I'm trying to insert a 120bp segment into a 4k vector using Gibson Assembly. The purpose is to replace a 27bp portion of the vector with NNKs. The insert is ordered as an ssDNA oligo, and then made double-stranded after annealing to a primer, and completing the second strand with Klenow. It has 36 bp overlap with the vector. The vector backbone is prepared using inverse PCR, because there are no restriction sites around the target area. I then use DpnI to digest the WT vector, and then gel extraction to remove all the DpnI fragments (which can be up to 1kb and tend to ligate back into the vector during Gibson Assembly, so gel extraction is necessary). After cleaning/concentrating the vector product with the Zymo kit, I mix the dsDNA insert with the vector backbone (1:5 vector to insert ratio) with Gibson Assembly, and then chemically transform into homemade MegaX (DH10B) competent cells. The goal is to maximize transformation efficiency, since I'm creating a library.
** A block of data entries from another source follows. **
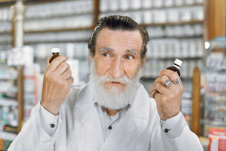 Close up portrait of pensive senior pharmacist working at ancient drugstore, holding two bottles in both hands and looking toward. Healthcare, pharmacy and medicines concept
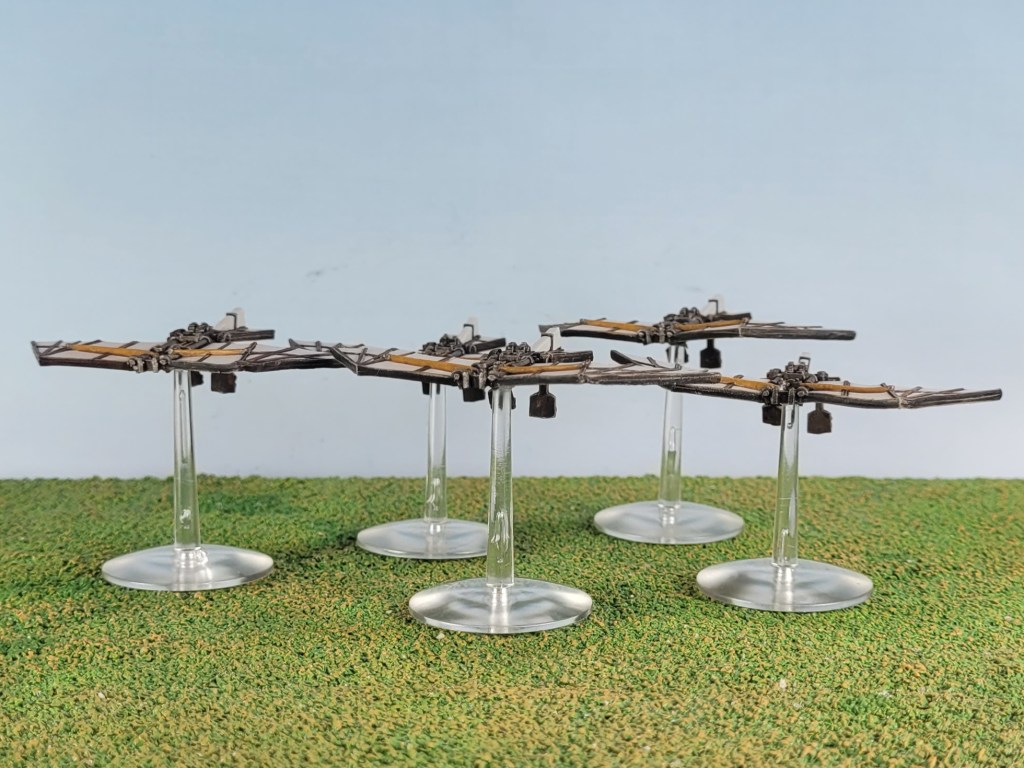 In the end, I basecoasted them off white. Then I painted the struts and supports with Wyldwood. This was messy and covered a lot of the white. Before fixing the white I painted all the metals and gave them gave them a nuln oil wash.
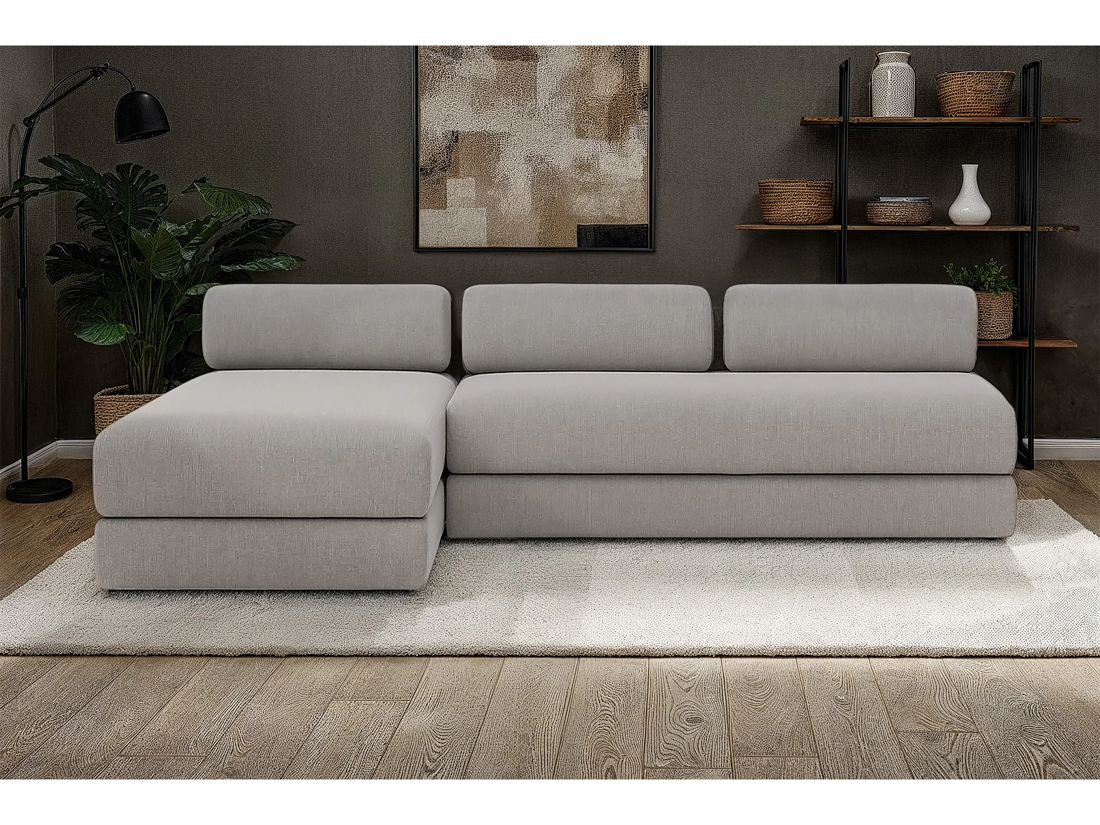 Canapé d'angle modulable et convertible 6 places - Tissu lisse - Gris clair

This has worked for me once, several months ago, using a similar insert that was only 87 bp long (21/18 bp overlaps). Since then, however, it has consistently failed-- I get zero colonies, or at most, a few tiny colonies. I later switched to a larger insert (120bp) since some said that the T5 exonuclease of Gibson Assembly could totally chew up a small fragment. Still, no luck! I can transform the original vector template successfully each time, proving that the vector, antibiotic resistance, transformation protocol, and cells are all good. I've also run a positive control with my Gibson mix, which has worked.
I get colonies if I skip the gel extraction step, but then half of the colonies contain weird combinations of the insert and DpnI fragments that were not removed, so that's not desirable.
Any other thoughts for troubleshooting? I can't understand why this worked over several repeats in the past, and suddenly cannot work anymore. Thank you!